Monday, January 09, 2017
BY MARK FARINELLA SUN CHRONICLE STAFF
January 7, 2017
FOXBORO - At this time last year, it was thought that the future of the Patriots' defense rested in the hands of Chandler Jones and Jamie Collins - two physically gifted individuals, recent draftees headed for free agency, but accomplished enough to be seen as potential cornerstones of a successful unit for years to come.
But things can change in unanticipated ways in the NFL, and so it is that as the Patriots prepare for their first playoff opponent at the end of this week, Jones and Collins have long since been dismissed and others have emerged as leaders for both now, and potentially, the future.
"Trey's been one of the hardest workers on the team," linebacker Dont'a Hightower said of defensive tackle Trey Flowers. "He's one of the guys who's first in, last out. He stays after practice. For him to be playing the way he's playing, it doesn't surprise me at all."
Flowers emerged from a rookie season that ended on the injured reserve list to lead the 2016 Patriots in sacks with seven, adding another team-leading 12 quarterback hits and 46 tackles, including 23 solo hits.
He was practically forced into action in the first four games of the season while Rob Ninkovich sat out a four-game suspension, then proved talented enough and versatile enough to earn snaps at both end and interior tackle down the stretch run to the playoffs.
"I'm impressed, absolutely, but it's expected from a guy who works as hard as he does," Hightower said of the player that has earned the nickname of "Technique" because of his devotion to film and playbook study. "We're able to do a lot of different things with him in there. He's kind of a smaller-build guy, but he plays a lot bigger than that.
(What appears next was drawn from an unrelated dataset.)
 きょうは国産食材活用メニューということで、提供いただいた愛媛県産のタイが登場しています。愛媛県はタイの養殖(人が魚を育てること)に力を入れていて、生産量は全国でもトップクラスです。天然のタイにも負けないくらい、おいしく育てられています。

"You've seen that in the first three or four plays in the Miami game," Hightower continued. "I think he was in on every play. As long as he can continue to grow as a player and we can all just grow and learn from a lot of things that he's doing, a lot of those pass rush moves."
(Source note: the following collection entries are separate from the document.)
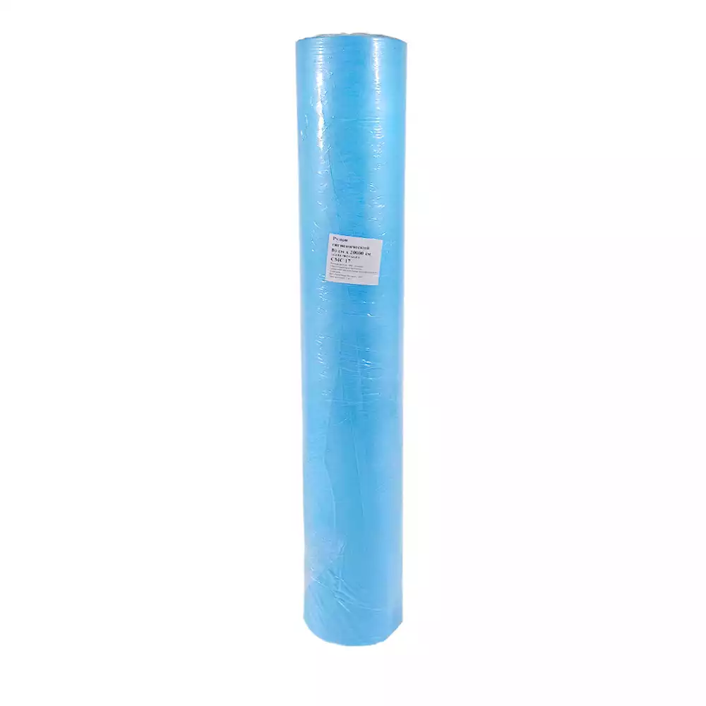 Рулон гигиенический, размер 80см*200м, материал СМС 17г/м2, без перфорации, цвет голубой, Диалог (РОССИЯ)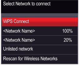 The Wi-Fi connectivity LED blinks as the printer searches for available wireless networks within range, then displays the list in order of signal strength. For example: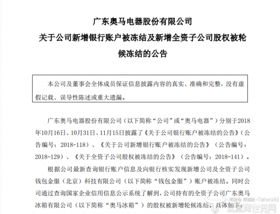 奥马电器分别于今年10月16日、10月31日、11月15日披露了《关于公司银行账户被冻结的公告》、《关于公司新增银行账户被冻结的公告》和《关于全资子公司股权被冻结的公告》。

Flowers said he didn't pay much attention to the pundits that said his stock was rising over the course of the season.
"I just had my head down, focused, tried to do better and tried to make plays every time I'm out there," he said. "Maybe my role increased, I just made sure I was prepared for it. However many plays I get in a game, I make sure I'm productive in those plays."
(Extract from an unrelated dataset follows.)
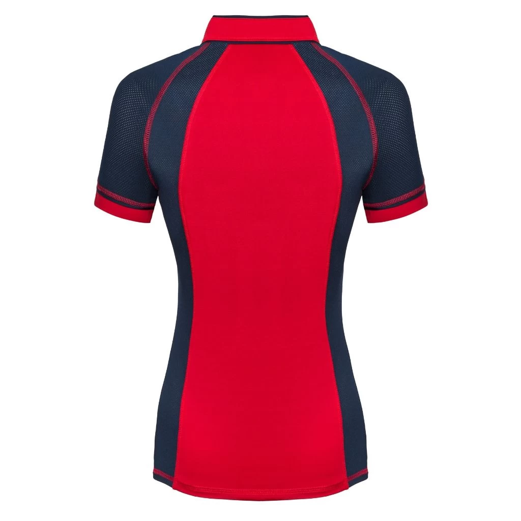 A functional short sleeve training or competition shirt perfect for any navy and red lover! The Jovita shirt is made from brethable, elastic fabric making it comfitable and stretchy to wear on warmer days. A taylored fit makes this top perfect for competition as well as the zipped stand up collar.

Hightower has also emerged as a leader. He was the fourth-leading tackler on the team with 65 (31 solo) and had six pass defenses, as well as emerging as the defensive signal-caller.
That hasn't been the easiest thing, because the Patriots were already phasing in some new faces on defense after having traded Jones to the Arizona Cardinals in the offseason, and then again after Collins was dealt to the Cleveland Browns at midseason.
"I feel like the communication aspect is big and it's a lot better," Hightower said. "Earlier in the year, we had a lot of new pieces, even with Shea (McClellin) coming in and Chris (Long) coming in and guys moving around and playing different spots and doing things that they weren't necessarily accustomed to, and then obviously Trey coming in and stepping up as well as he's playing.
“The communication has gotten a lot better," he continued. "I think guys have gotten comfortable. I think we've kind of got that chemistry built. There have been times now that me and KV (Kyle Van Noy) can kind of just look at each other and we kind of know what to expect, what we're thinking. Whenever you get that, you can play a lot faster and kind of anticipate things. You try and get a jump on the offense."
That comfort level will be important, Hightower said, as the Patriots transition from a self-improvement week to specific preparation for their first playoff opponent.
"You want to play with passion, you want to play with emotion, but you also want to play smart," he said, "That's one thing we're able to do that's a real big key around here, especially in the Patriot Way, is smart football. All of it kind of boils down to when to play with emotion and when not to, and we have the right preparation, we do the right study and everything else, so it really comes down to execution.
"You don't want to let down your brothers and everybody that's worked so hard to get up to this point just for an emotional play," he said.
But you can forgive Flowers if he's a little emotional and excited about the coming opportunity. The Patriots' fourth-round draft pick out of Arkansas last year, he had to endure a year on the shelf before he got a real chance to prove to the coaching staff what he was capable of doing.
"It's definitely a blessing," he said. "God gave me the opportunity to come out and play. Obviously, last year was a hard year for me. That was my first time sitting out since I started playing at 7 years old, so to be able to come back and just be prepared and just be able to help my team win is a definite blessing."